Recall that data in scikit-learn is expected to be in two-dimensional arrays, of size n_samples $\times$ n_features.

Previously, we looked at the iris dataset, which has 150 samples and 4 features


In [ ]:
from sklearn.datasets import load_iris
iris = load_iris()
print iris.data.shape

These features are:

  • sepal length in cm
  • sepal width in cm
  • petal length in cm
  • petal width in cm

Numerical features such as these are pretty straightforward: each sample contains a list of floating-point numbers corresponding to the features

Categorical Features

What if you have categorical features? For example, imagine there is data on the color of each iris:

color in [red, blue, purple]

You might be tempted to assign numbers to these features, i.e. red=1, blue=2, purple=3 but in general this is a bad idea. Estimators tend to operate under the assumption that numerical features lie on some continuous scale, so, for example, 1 and 2 are more alike than 1 and 3, and this is often not the case for categorical features.

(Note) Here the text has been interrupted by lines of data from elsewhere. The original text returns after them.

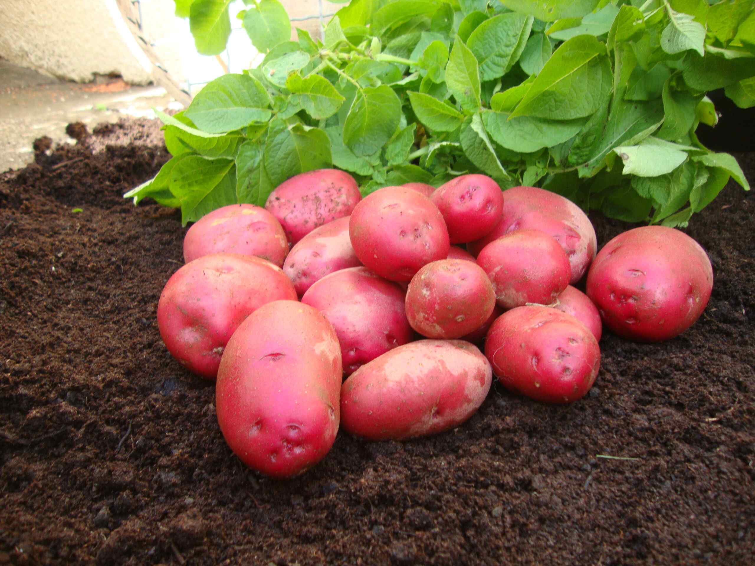 - Red-skinned tubers with pale yellow flesh and a slightly floury texture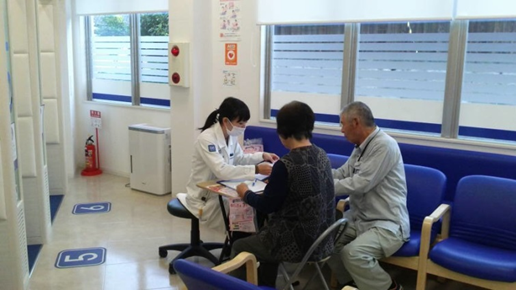 沢山の人に参加していただいたのですが、告知が少し遅れたのもあり、たまたま処方箋を持ってきてくださった方が、ほとんどでした。よくテレビでロコモティブシンドロームについてやっていた為、寝たきりと、運動や食事との関係性は知っていただいてた為、皆さん興味深々に聞いて下さっていたと思います。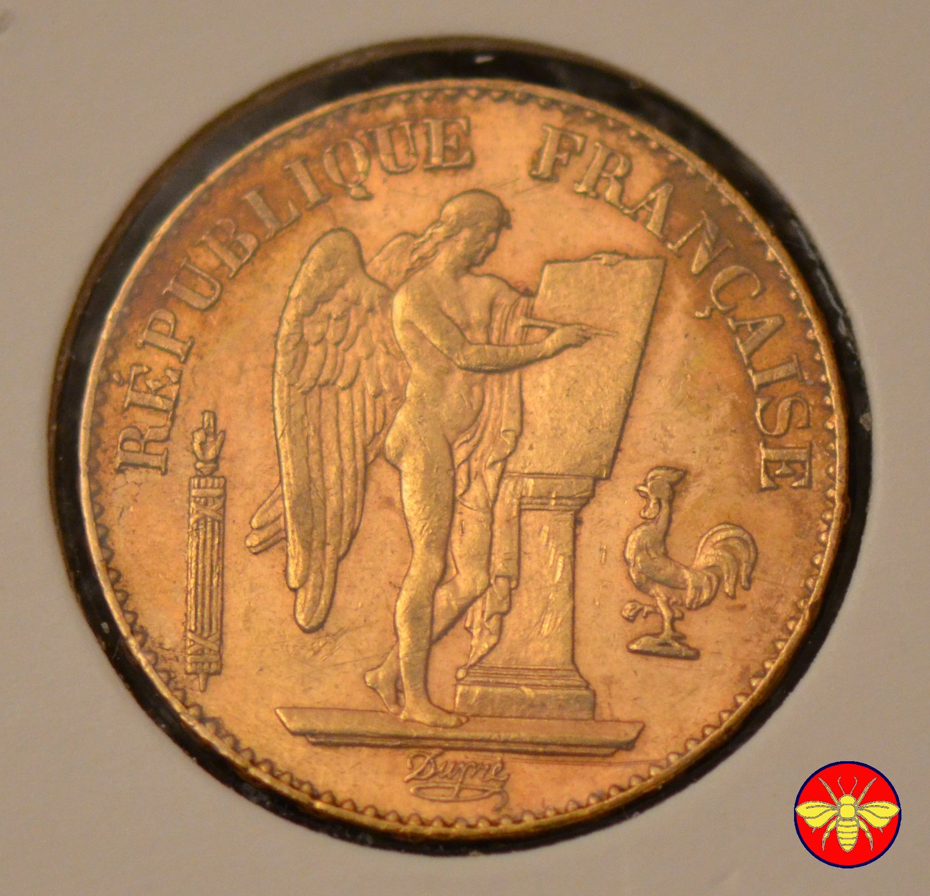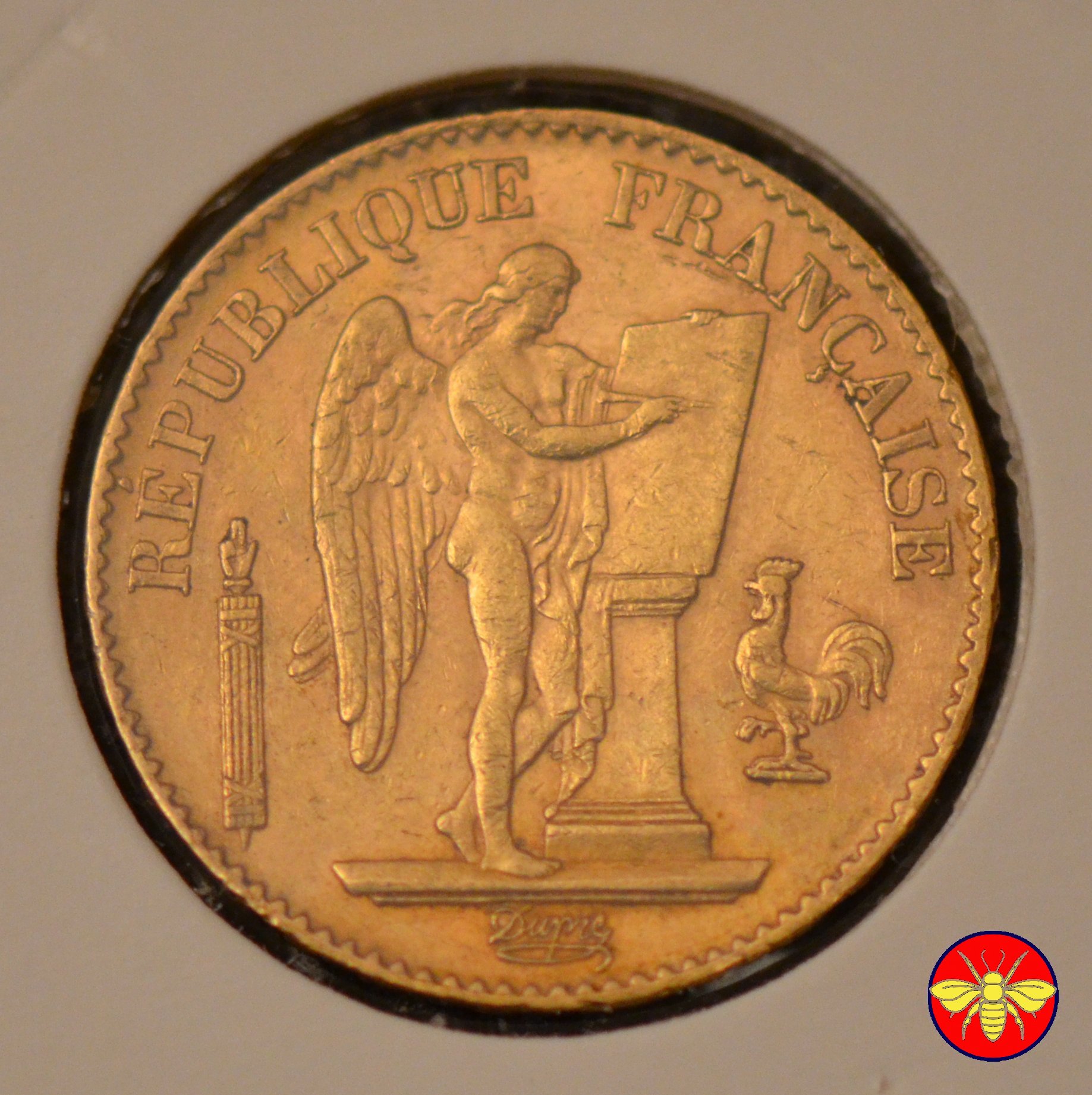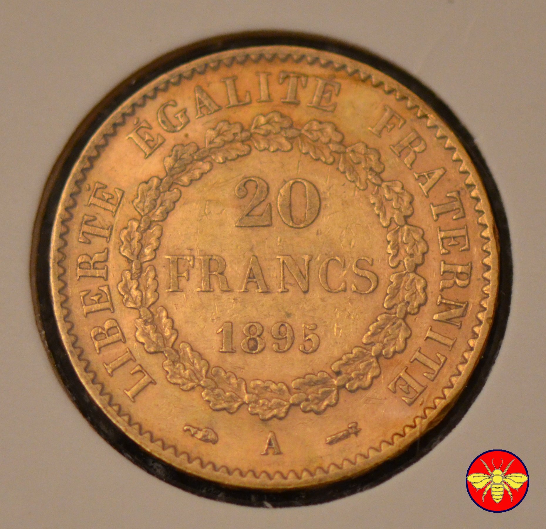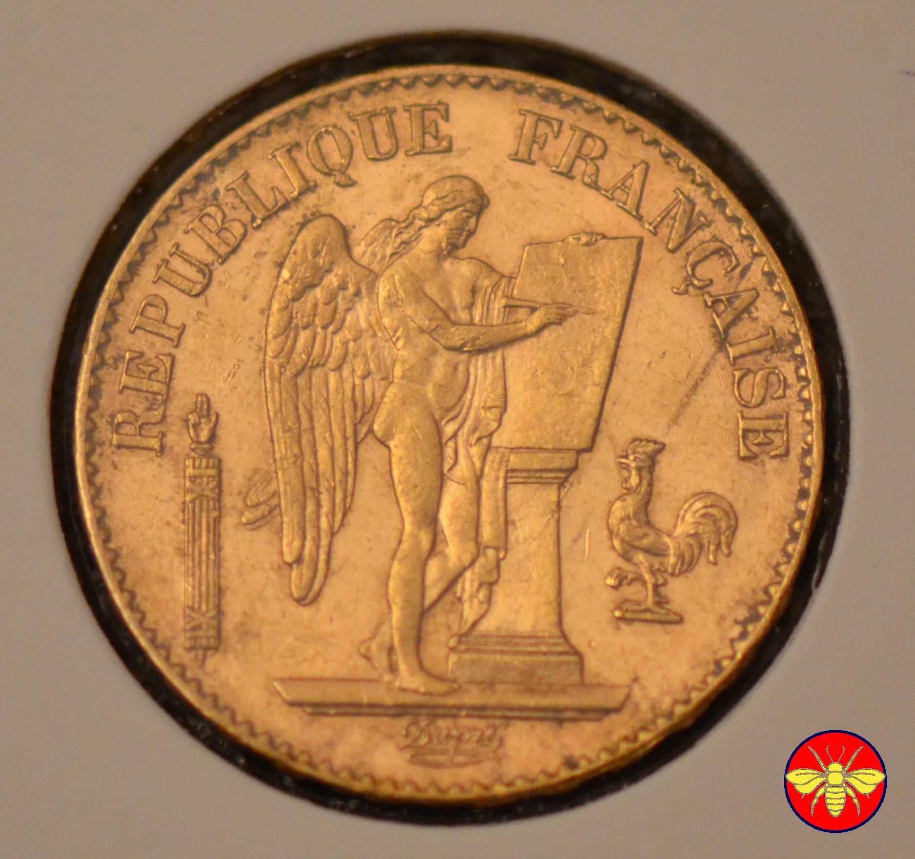 Ritroviamo l'Angelo scrivente ma con la pergamenanon incisa. 20 FRANCS con sotto il millesimo, coronati da rami di Quercia.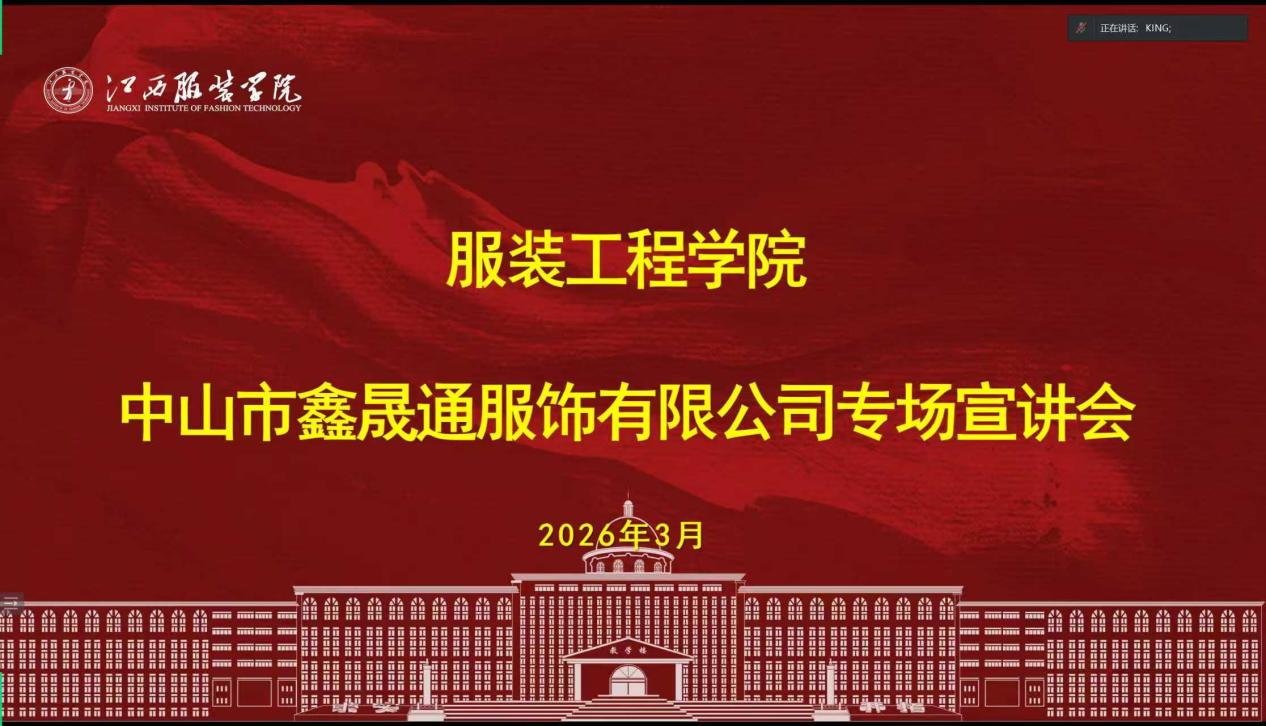 为精准对接企业人才需求,助力我院学子拓宽就业渠道、提升就业竞争力,3月9日晚7:00,永利yl23411集团特邀中山市鑫晟通服饰有限公司走进云端,为同学们带来优质岗位与就业机会。

A better strategy is to give each category its own dimension.
The enriched iris feature set would hence be in this case:

  • sepal length in cm
  • sepal width in cm
  • petal length in cm
  • petal width in cm
  • color=purple (1.0 or 0.0)
  • color=blue (1.0 or 0.0)
  • color=red (1.0 or 0.0)

Note that using many of these categorical features may result in data which is better represented as a sparse matrix, as we'll see with the text classification example below.

Using the DictVectorizer to encode categorical features

When the source data is encoded has a list of dicts where the values are either strings names for categories or numerical values, you can use the DictVectorizer class to compute the boolean expansion of the categorical features while leaving the numerical features unimpacted:


In [ ]:
measurements = [
    {'city': 'Dubai', 'temperature': 33.},
    {'city': 'London', 'temperature': 12.},
    {'city': 'San Fransisco', 'temperature': 18.},
]

In [ ]:
from sklearn.feature_extraction import DictVectorizer

vec = DictVectorizer()
vec

In [ ]:
vec.fit_transform(measurements).toarray()

In [ ]:
vec.get_feature_names()

Derived Features

Another common feature type are derived features, where some pre-processing step is applied to the data to generate features that are somehow more informative. Derived features may be based in dimensionality reduction (such as PCA or manifold learning), may be linear or nonlinear combinations of features (such as in Polynomial regression), or may be some more sophisticated transform of the features. The latter is often used in image processing.

For example, scikit-image provides a variety of feature extractors designed for image data: see the skimage.feature submodule. We will see some dimensionality-based feature extraction routines later in the tutorial.

Text Feature Extraction

Unstructed content such as text documents require there own feature extraction step. In general we treat words in text documents as individual categorical features. An example on text mining will be introduced later, at the end of this session.